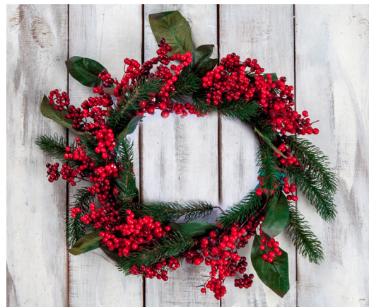
Den 28 november blir det julkransbinding i Norrböle med Mikaela Söderström.
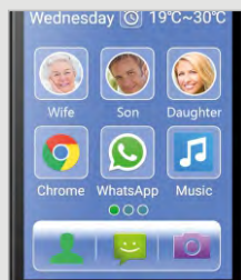
Display con caratteri e simboli grandi
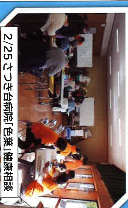
2/25 さつき台病院「色葉」健康相談
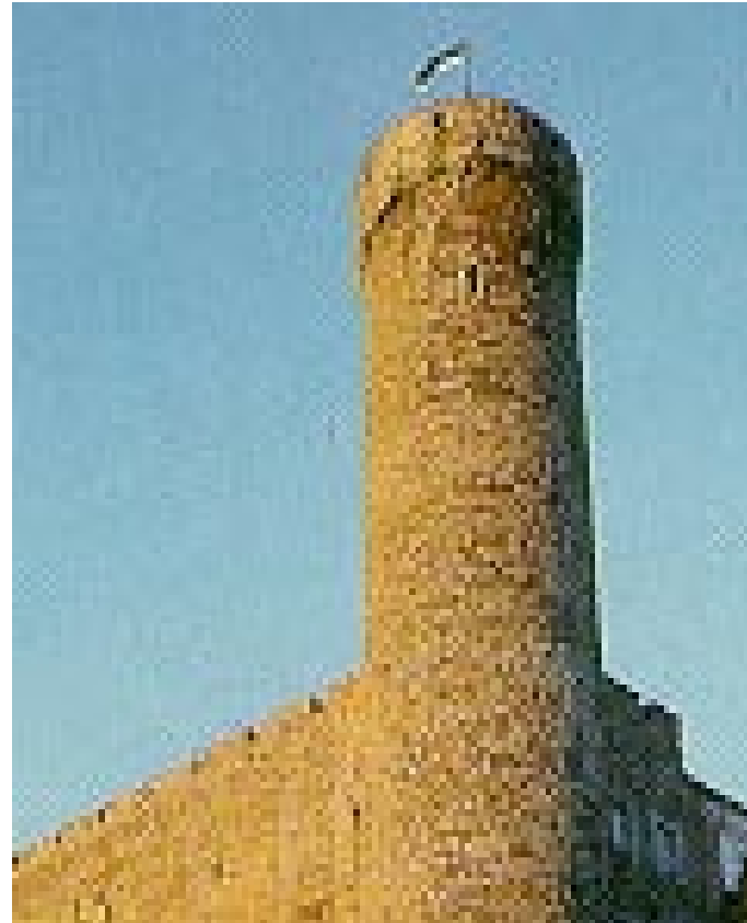
Vaade Toompeale A view to the Parliament

=== Exercise description ===
Please reproduce nothing but the lines from the one containing "2/25 さつき台病院「色葉」健康相談" through the closing line of the listing, retyped word for word, pictures excluded.

=== Result of this task ===
2/25 さつき台病院「色葉」健康相談
Vaade Toompeale A view to the Parliament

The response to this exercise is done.